* **Your goal**:
Only some lines are wanted: please transcribe exactly those from the one containing "Eight bedrooms across" through the end of the data, pictures excluded.

##### Records for this exercise

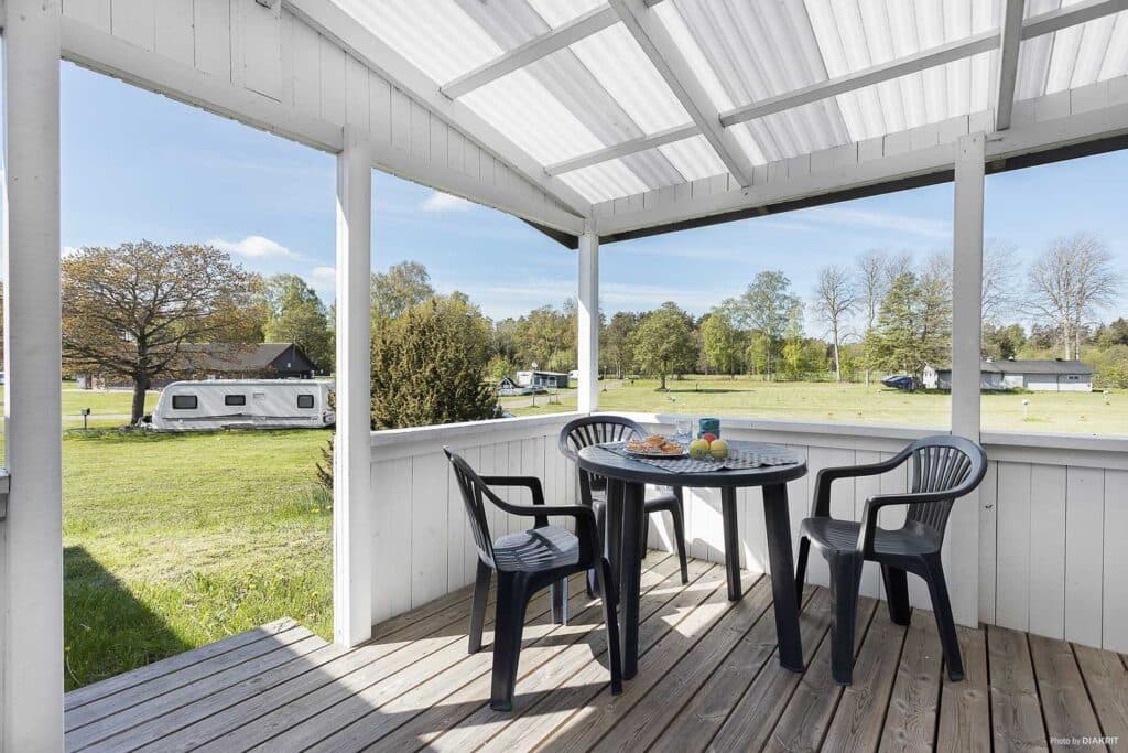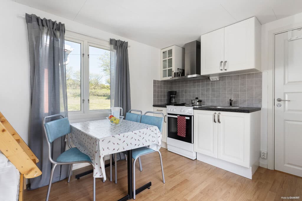Kleine und gemütliche Hütte mit allen wichtigen Annehmlichkeiten. Etagenbett mit 140 cm breiter unterer Schlafkoje und 80 cm breiter oberer Schlafkoje. Kissen und Decken stehen zu Verfügung. Voll ausgestattete Küche mit Kühlschrank und Gefrierschrank, Mikrowelle, Herd mit Backofen und Kaffeemaschine. Eigenes WC mit Dusche. Überdachte Veranda mit einfachen Gartenmöbeln für angenehme Sommerabende.
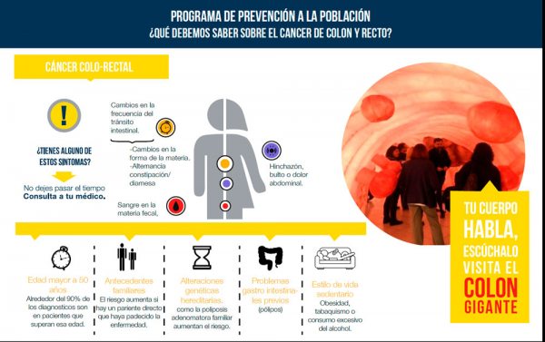 El Instituto de Gastroenterología Boliviano Japonés busca promover la detección temprana del cáncer colo-rectal, a través de la exposición de una maqueta gigante de un colon, que tiene por objetivo prevenir la enfermedad.
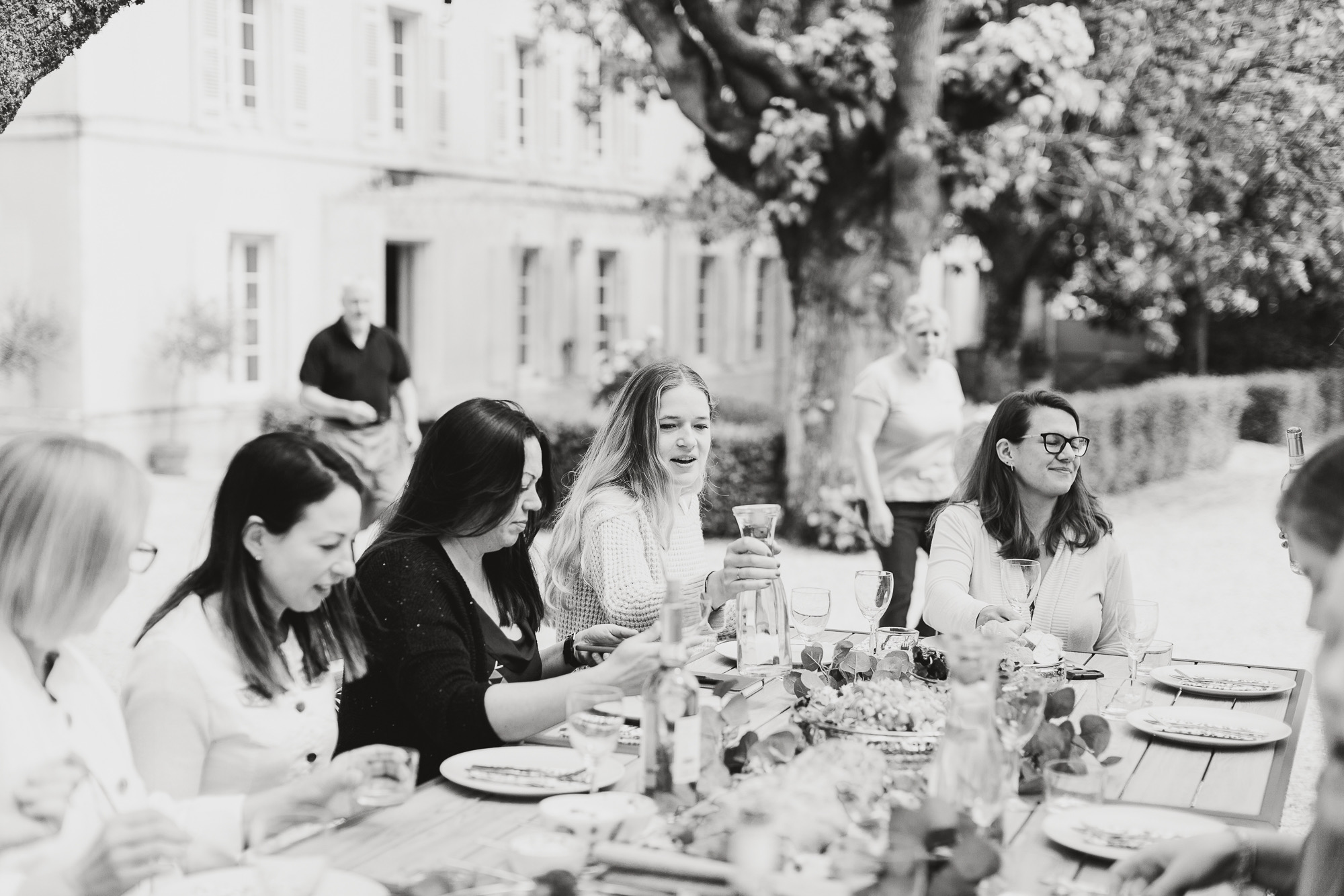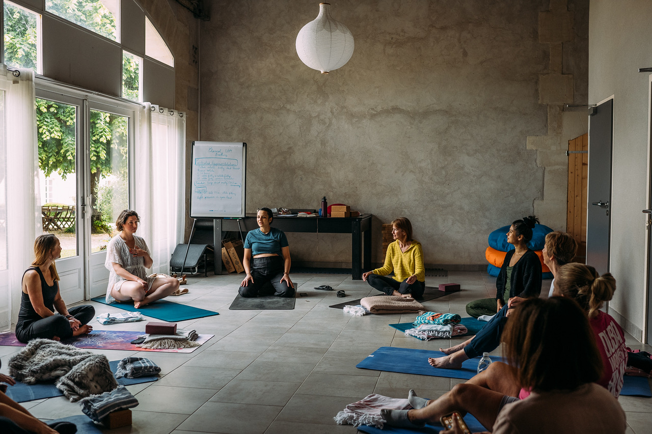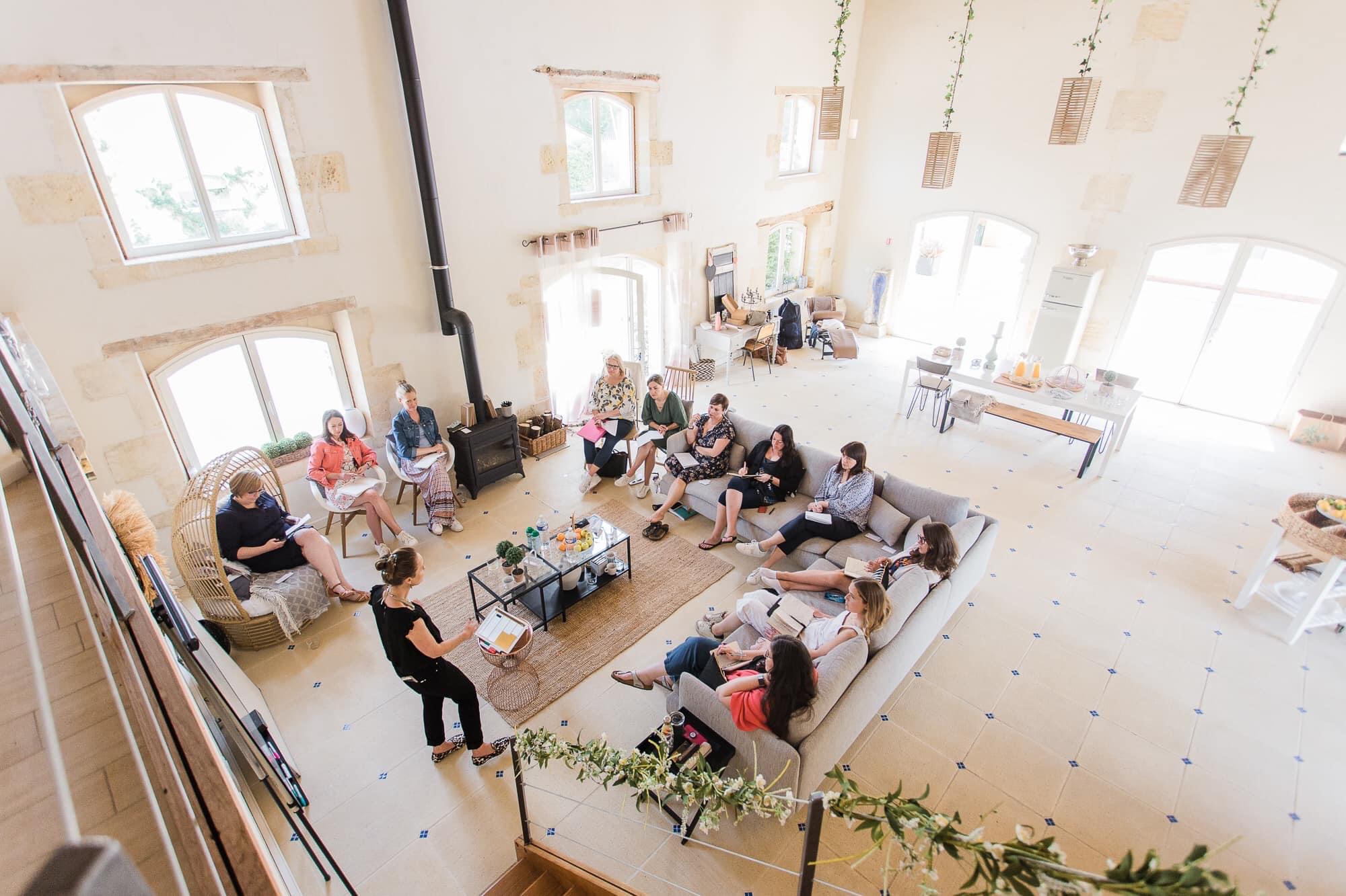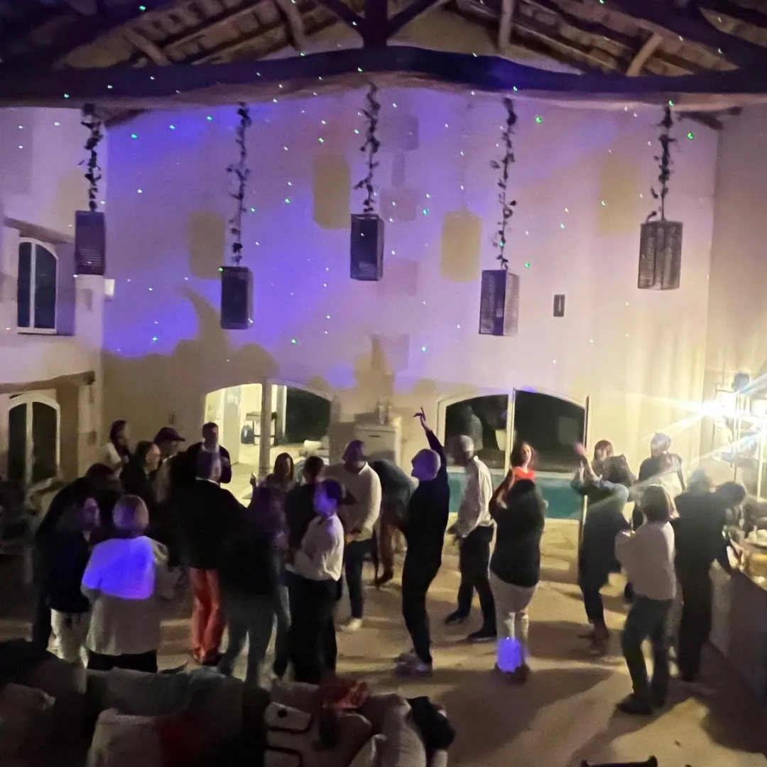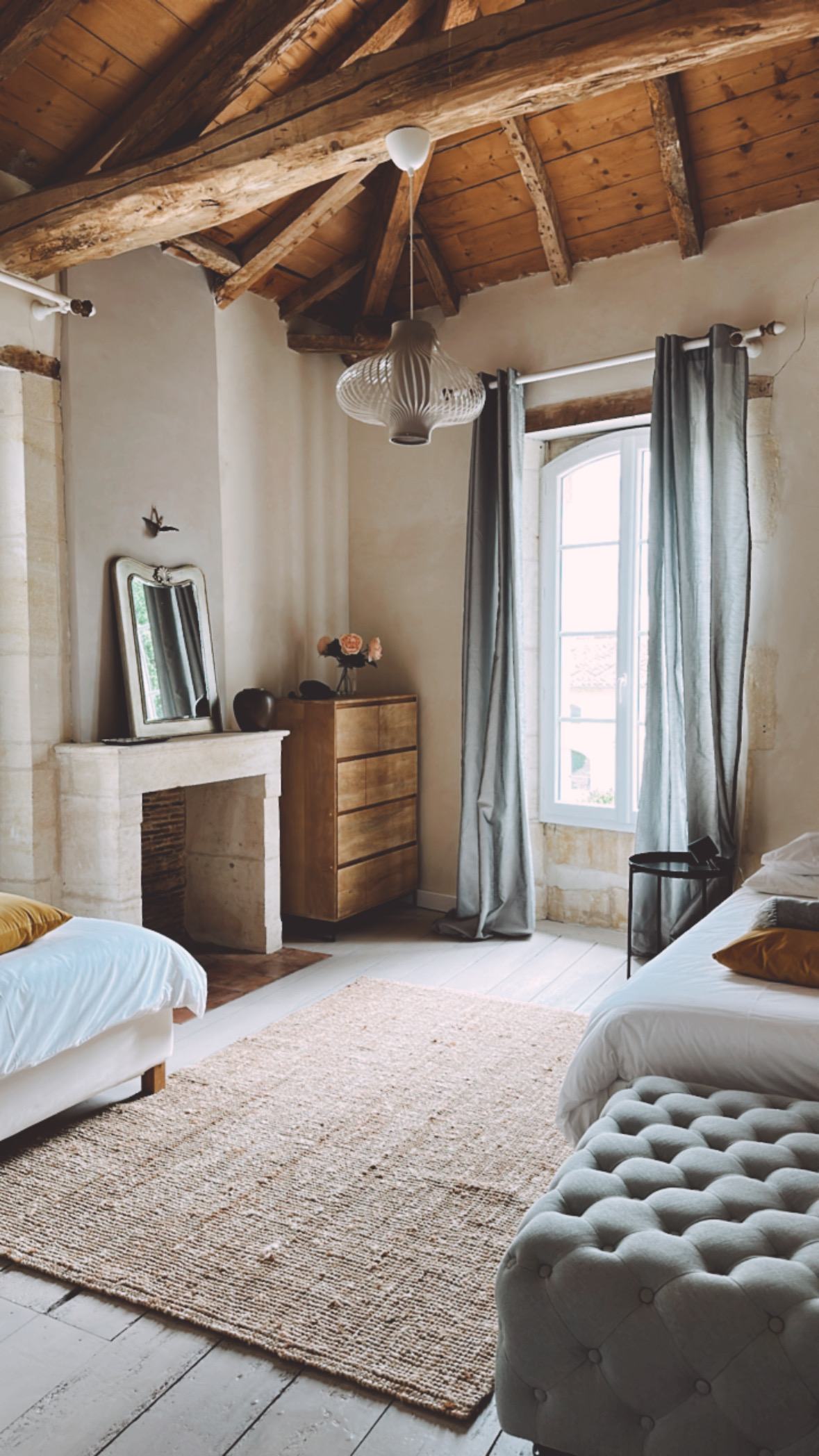 Eight bedrooms across two renovated Cognac barns sleep up to 16, with a private apartment for retreat leaders or the wedding couple included.
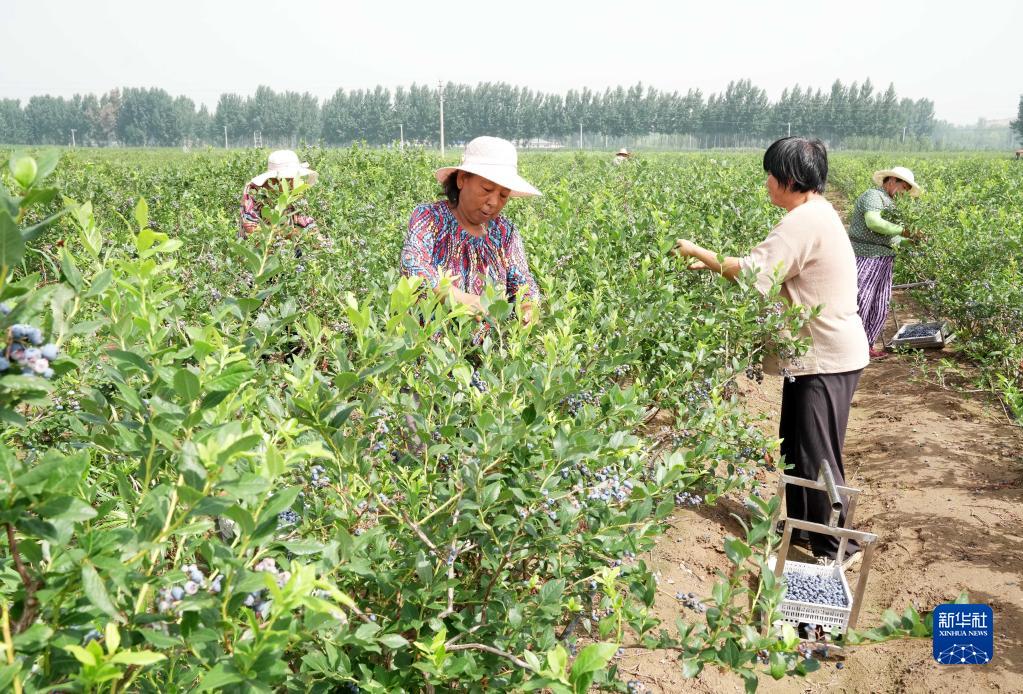 7月5日,河北省灤州市東安各莊鎮三山院村的農民在田間采摘藍莓。
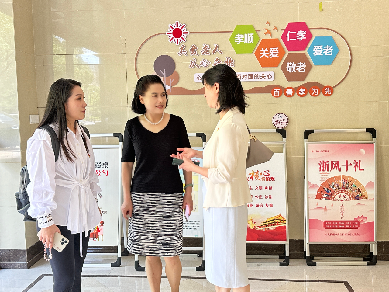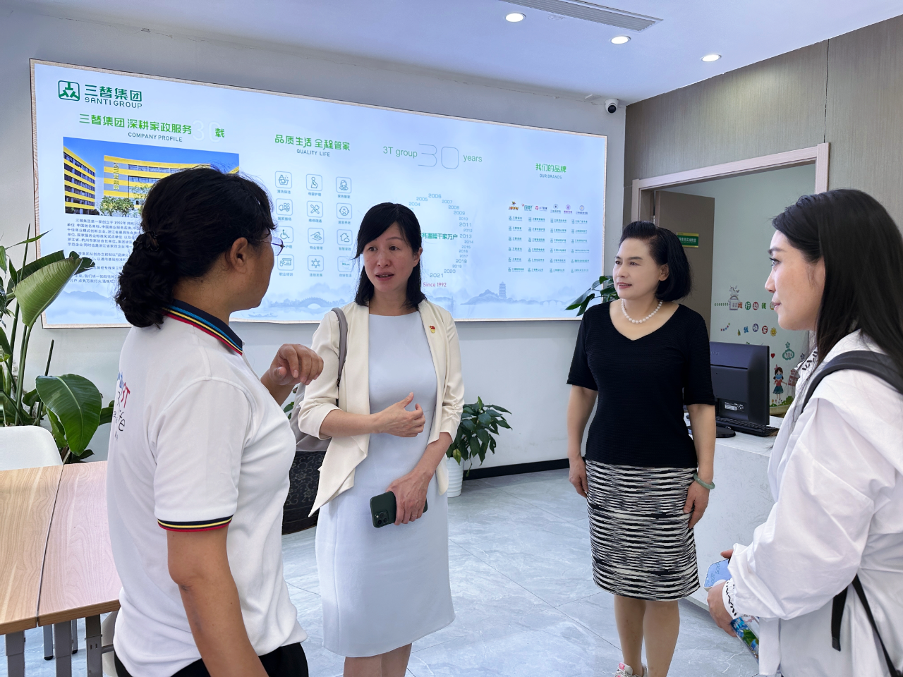 7月4日,潮聞天下傳媒黨委副書記、總經理吳雅茗,潮聞天下傳媒管委委員、財經中心主任王曉露,潮新聞財經中心財經觀察部副主任王靜等領導蒞臨三替集團蕭山社區服務網點實地調研,參觀三替在社區養老服務、家政培訓進社區、家政網點建設等方面的工作經驗與成果,三替集團董事長陶曉鶯等相關工作人員陪同參觀調研。

##########

* **Response to the exercise**:
 Eight bedrooms across two renovated Cognac barns sleep up to 16, with a private apartment for retreat leaders or the wedding couple included.
 7月5日,河北省灤州市東安各莊鎮三山院村的農民在田間采摘藍莓。
 7月4日,潮聞天下傳媒黨委副書記、總經理吳雅茗,潮聞天下傳媒管委委員、財經中心主任王曉露,潮新聞財經中心財經觀察部副主任王靜等領導蒞臨三替集團蕭山社區服務網點實地調研,參觀三替在社區養老服務、家政培訓進社區、家政網點建設等方面的工作經驗與成果,三替集團董事長陶曉鶯等相關工作人員陪同參觀調研。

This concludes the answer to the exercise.